◆ WORK REQUEST ◆
Begin the copy at the line that contains "L'un des atouts", end it at the last line of the entries below, keep every word exact, and include no pictures.

◆ MATERIAL SHOWN ◆
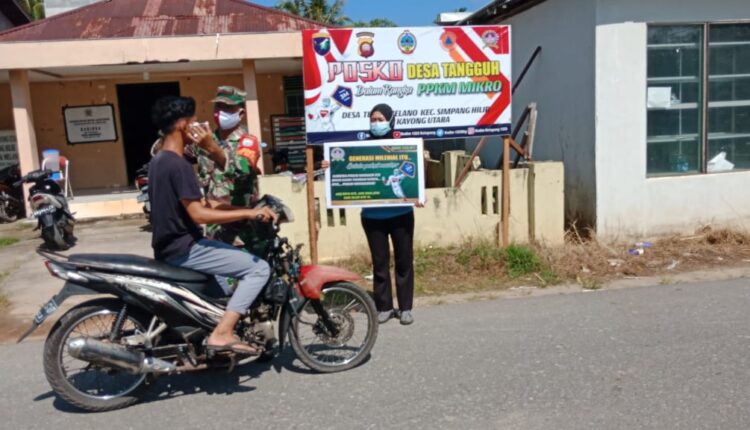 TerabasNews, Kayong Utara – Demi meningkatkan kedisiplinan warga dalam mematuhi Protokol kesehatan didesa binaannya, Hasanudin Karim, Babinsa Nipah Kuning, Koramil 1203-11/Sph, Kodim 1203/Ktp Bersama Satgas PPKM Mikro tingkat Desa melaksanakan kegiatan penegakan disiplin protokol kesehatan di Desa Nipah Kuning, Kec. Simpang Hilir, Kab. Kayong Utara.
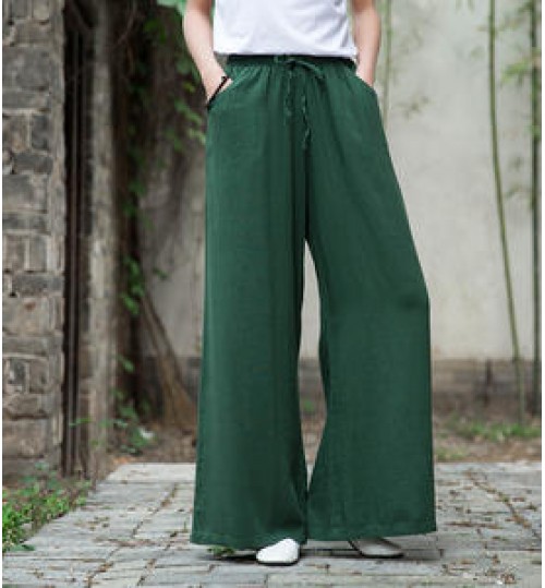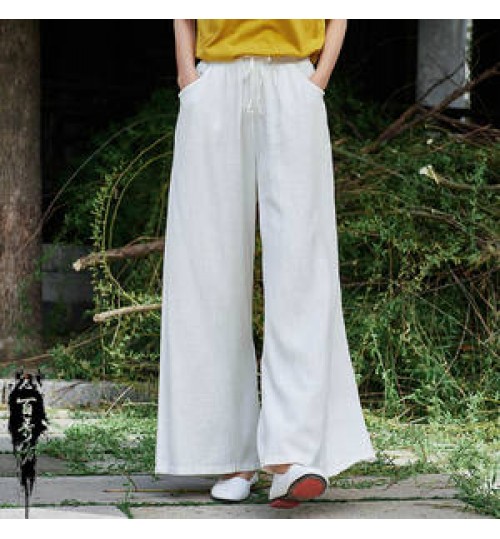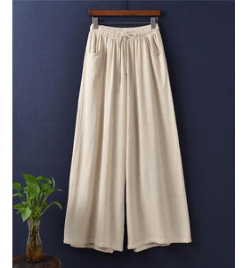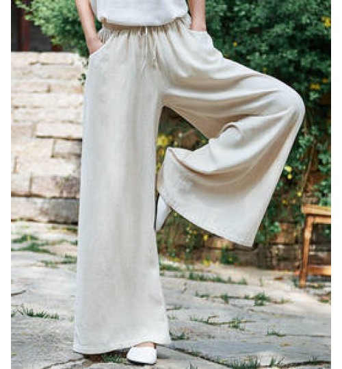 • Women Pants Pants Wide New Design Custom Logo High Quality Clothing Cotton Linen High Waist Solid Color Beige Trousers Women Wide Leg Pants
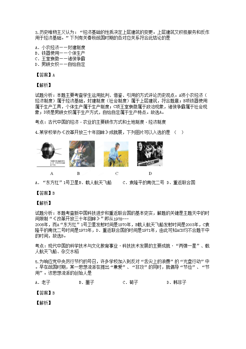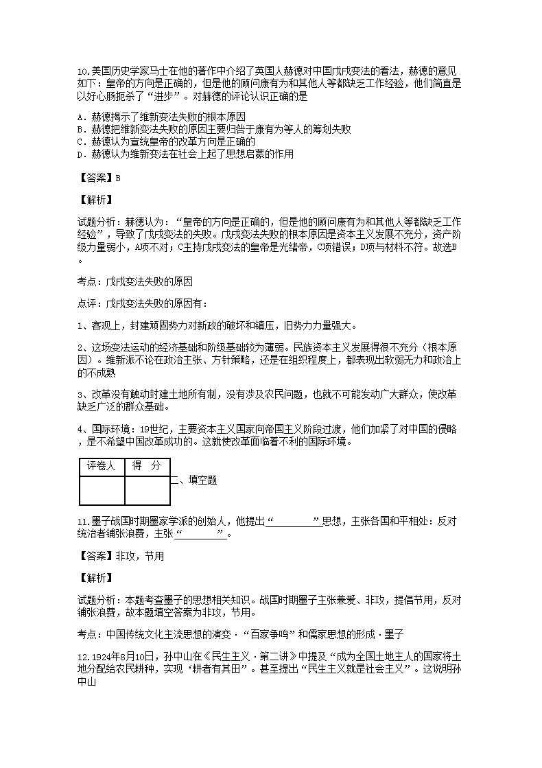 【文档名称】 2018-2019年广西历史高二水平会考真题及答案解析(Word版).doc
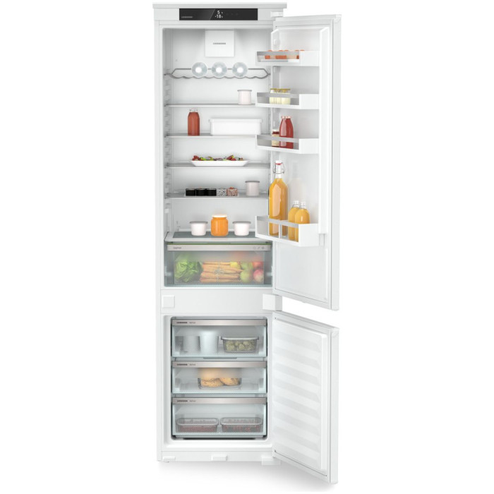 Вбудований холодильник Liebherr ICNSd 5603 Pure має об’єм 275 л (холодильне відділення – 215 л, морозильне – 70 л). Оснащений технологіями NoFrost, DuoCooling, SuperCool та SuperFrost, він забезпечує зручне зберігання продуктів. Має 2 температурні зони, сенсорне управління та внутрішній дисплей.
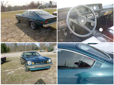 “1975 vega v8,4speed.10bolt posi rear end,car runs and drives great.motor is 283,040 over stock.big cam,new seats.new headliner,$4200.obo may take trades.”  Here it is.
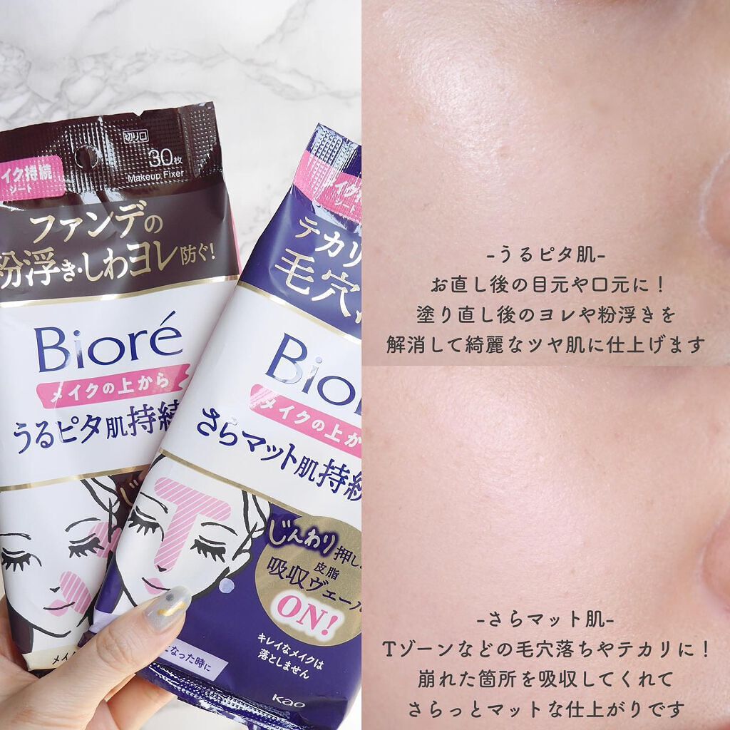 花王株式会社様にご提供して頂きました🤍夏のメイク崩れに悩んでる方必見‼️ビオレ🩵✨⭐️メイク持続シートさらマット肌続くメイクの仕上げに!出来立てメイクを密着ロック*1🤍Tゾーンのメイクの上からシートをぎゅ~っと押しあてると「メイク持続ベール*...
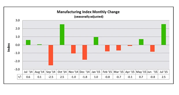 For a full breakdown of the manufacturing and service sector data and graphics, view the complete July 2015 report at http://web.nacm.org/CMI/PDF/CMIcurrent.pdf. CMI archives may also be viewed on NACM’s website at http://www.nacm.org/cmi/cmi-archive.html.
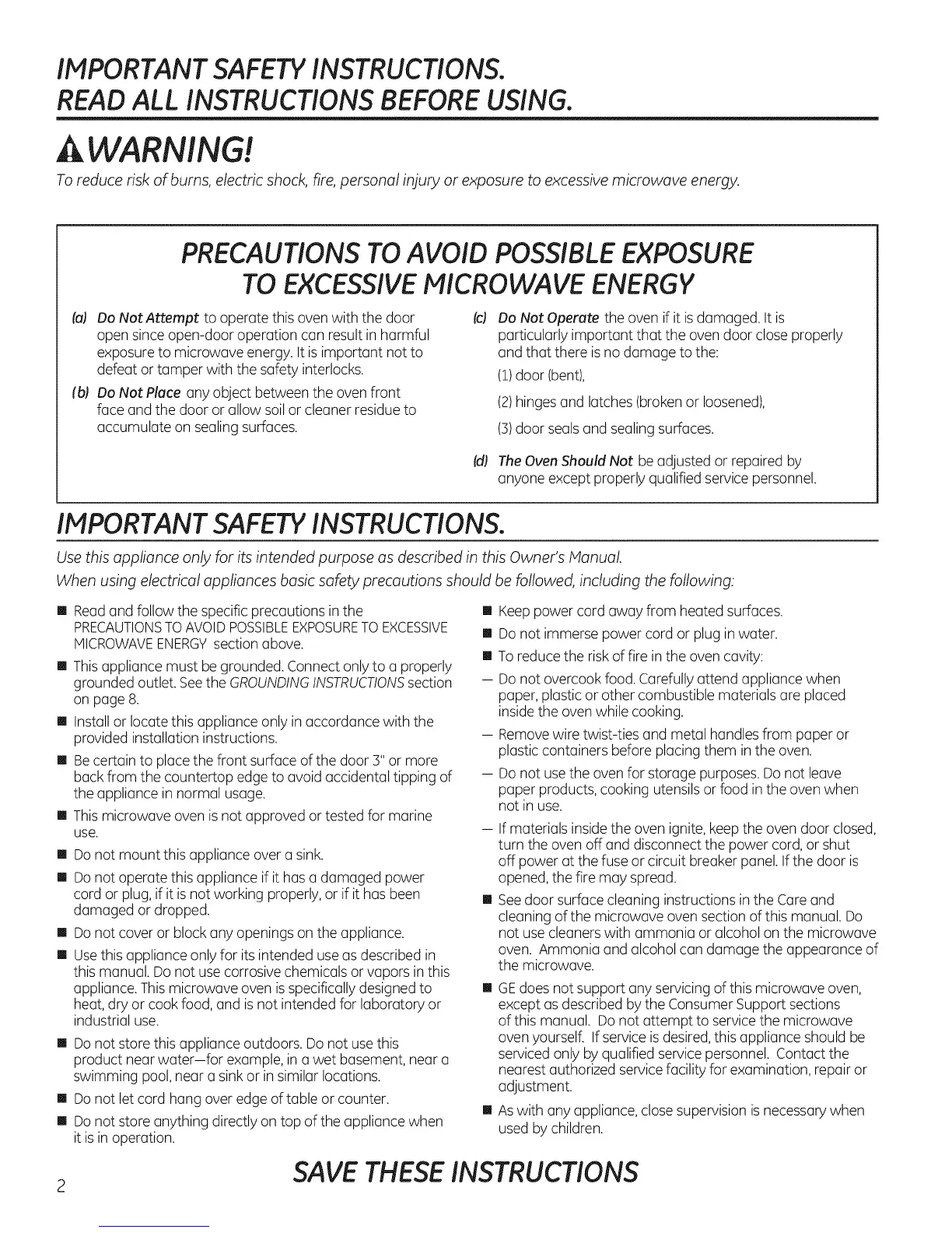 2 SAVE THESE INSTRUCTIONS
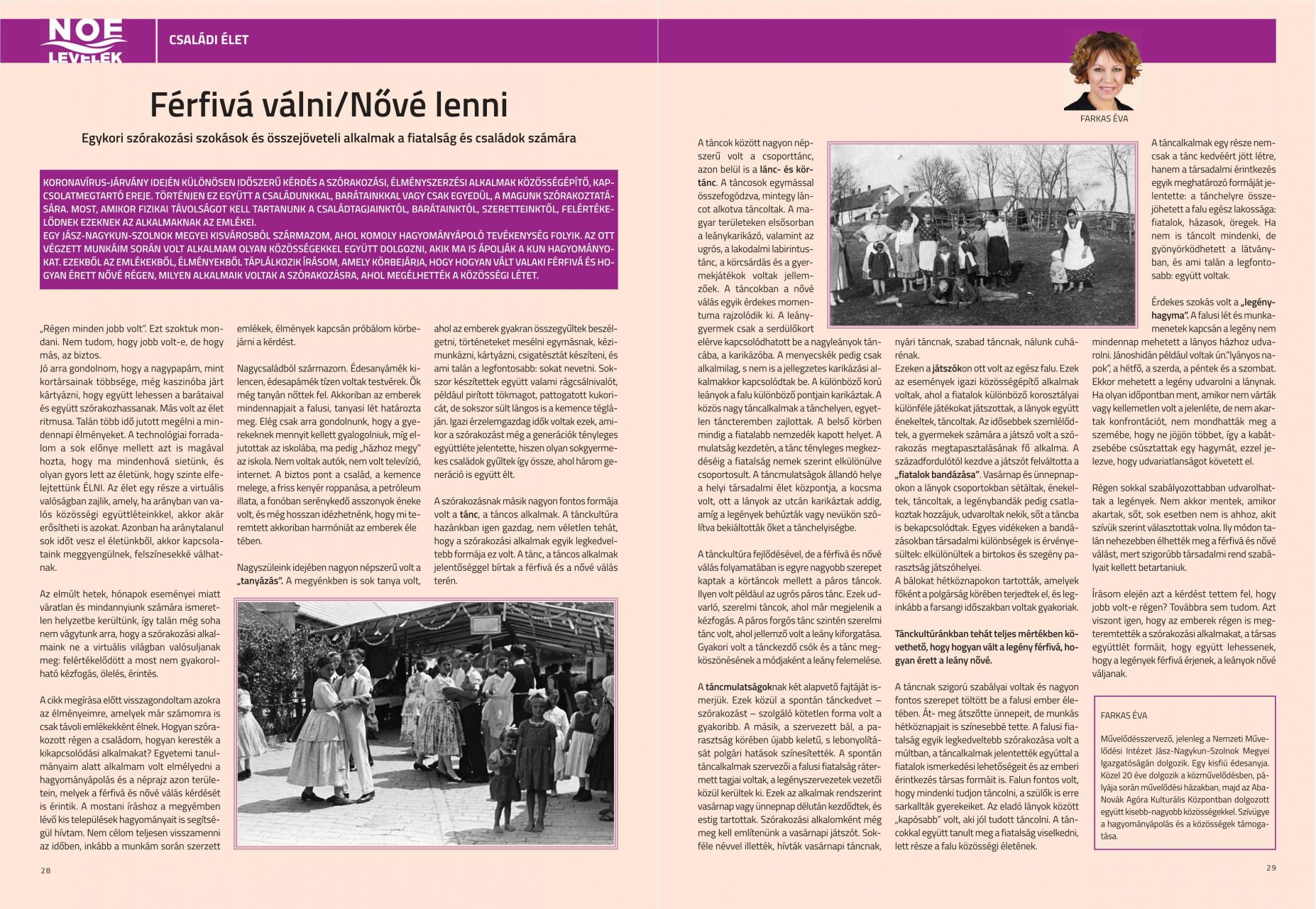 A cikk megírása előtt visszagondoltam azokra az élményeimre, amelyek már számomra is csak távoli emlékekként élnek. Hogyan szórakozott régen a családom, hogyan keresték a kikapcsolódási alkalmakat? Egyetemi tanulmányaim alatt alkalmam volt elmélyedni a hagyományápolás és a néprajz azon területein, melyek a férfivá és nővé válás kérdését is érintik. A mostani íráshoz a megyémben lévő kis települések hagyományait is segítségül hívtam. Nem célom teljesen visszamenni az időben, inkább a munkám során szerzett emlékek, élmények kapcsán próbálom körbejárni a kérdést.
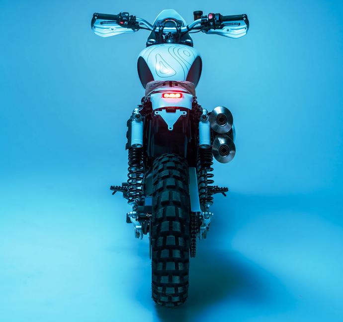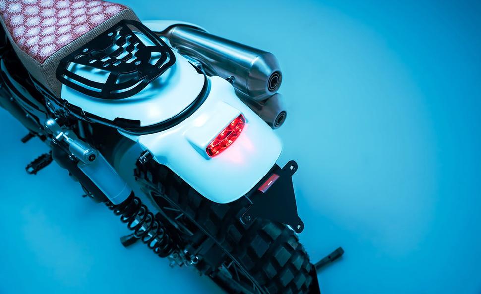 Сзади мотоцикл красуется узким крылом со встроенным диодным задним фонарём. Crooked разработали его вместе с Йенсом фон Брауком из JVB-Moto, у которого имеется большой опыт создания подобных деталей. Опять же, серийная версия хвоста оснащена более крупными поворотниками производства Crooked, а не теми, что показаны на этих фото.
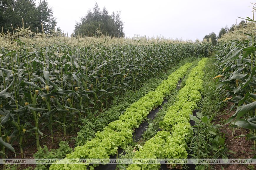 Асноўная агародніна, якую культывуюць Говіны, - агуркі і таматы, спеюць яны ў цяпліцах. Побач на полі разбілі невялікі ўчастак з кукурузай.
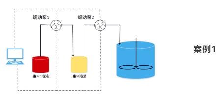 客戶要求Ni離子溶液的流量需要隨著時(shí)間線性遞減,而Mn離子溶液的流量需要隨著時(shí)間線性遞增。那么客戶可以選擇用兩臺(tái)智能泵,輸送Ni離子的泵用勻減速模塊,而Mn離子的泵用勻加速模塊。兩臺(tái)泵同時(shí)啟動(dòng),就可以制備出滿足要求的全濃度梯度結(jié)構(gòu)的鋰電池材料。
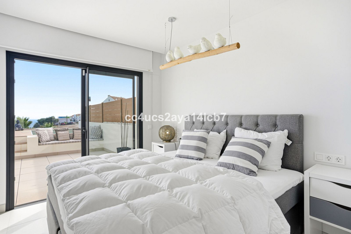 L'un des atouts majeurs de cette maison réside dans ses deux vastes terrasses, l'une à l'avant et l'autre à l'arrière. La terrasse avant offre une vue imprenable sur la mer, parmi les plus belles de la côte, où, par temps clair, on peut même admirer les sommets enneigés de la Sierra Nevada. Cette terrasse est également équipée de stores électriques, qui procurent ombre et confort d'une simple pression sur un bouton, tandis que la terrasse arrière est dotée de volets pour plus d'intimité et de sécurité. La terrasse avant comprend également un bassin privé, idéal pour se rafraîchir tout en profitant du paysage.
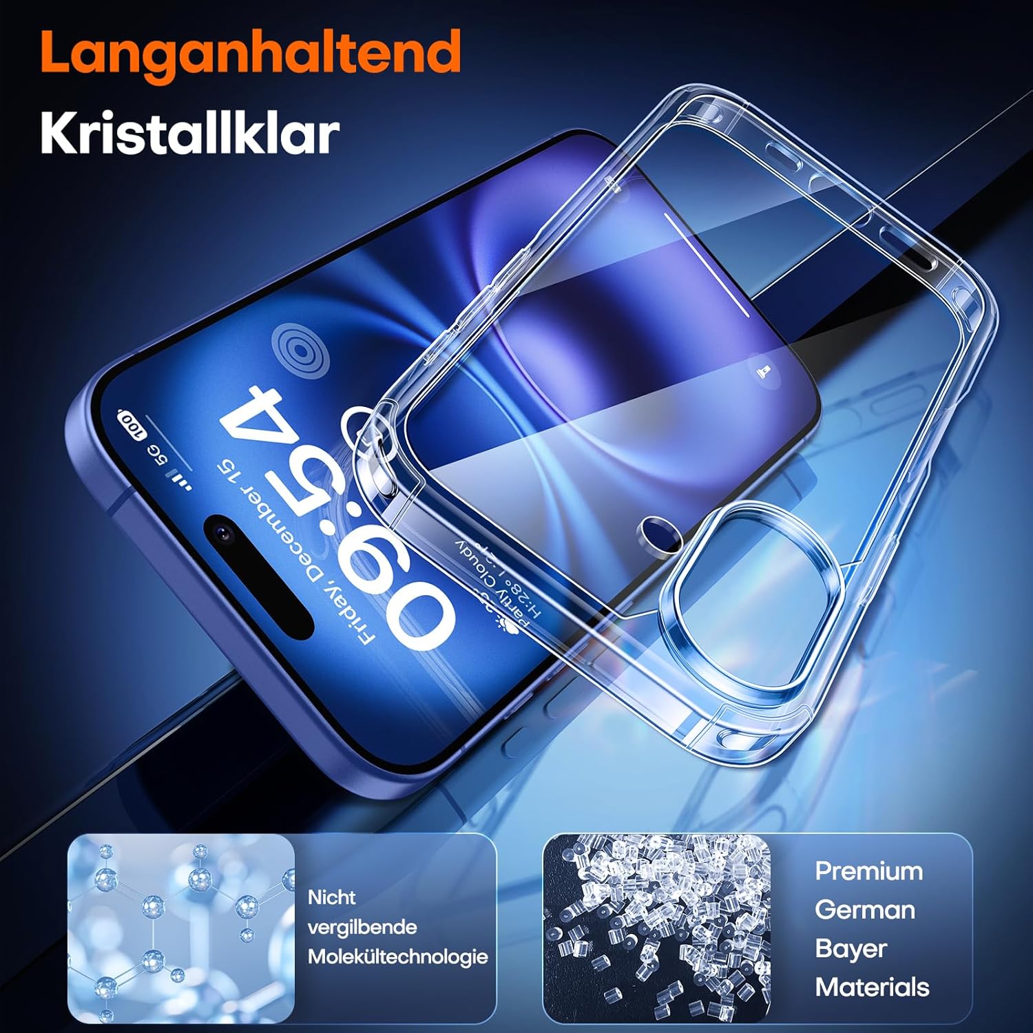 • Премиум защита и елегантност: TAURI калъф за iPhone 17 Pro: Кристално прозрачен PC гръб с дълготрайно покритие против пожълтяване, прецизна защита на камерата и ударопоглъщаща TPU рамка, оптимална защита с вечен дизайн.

◆ THE ANSWER ◆
 L'un des atouts majeurs de cette maison réside dans ses deux vastes terrasses, l'une à l'avant et l'autre à l'arrière. La terrasse avant offre une vue imprenable sur la mer, parmi les plus belles de la côte, où, par temps clair, on peut même admirer les sommets enneigés de la Sierra Nevada. Cette terrasse est également équipée de stores électriques, qui procurent ombre et confort d'une simple pression sur un bouton, tandis que la terrasse arrière est dotée de volets pour plus d'intimité et de sécurité. La terrasse avant comprend également un bassin privé, idéal pour se rafraîchir tout en profitant du paysage.
 • Премиум защита и елегантност: TAURI калъф за iPhone 17 Pro: Кристално прозрачен PC гръб с дълготрайно покритие против пожълтяване, прецизна защита на камерата и ударопоглъщаща TPU рамка, оптимална защита с вечен дизайн.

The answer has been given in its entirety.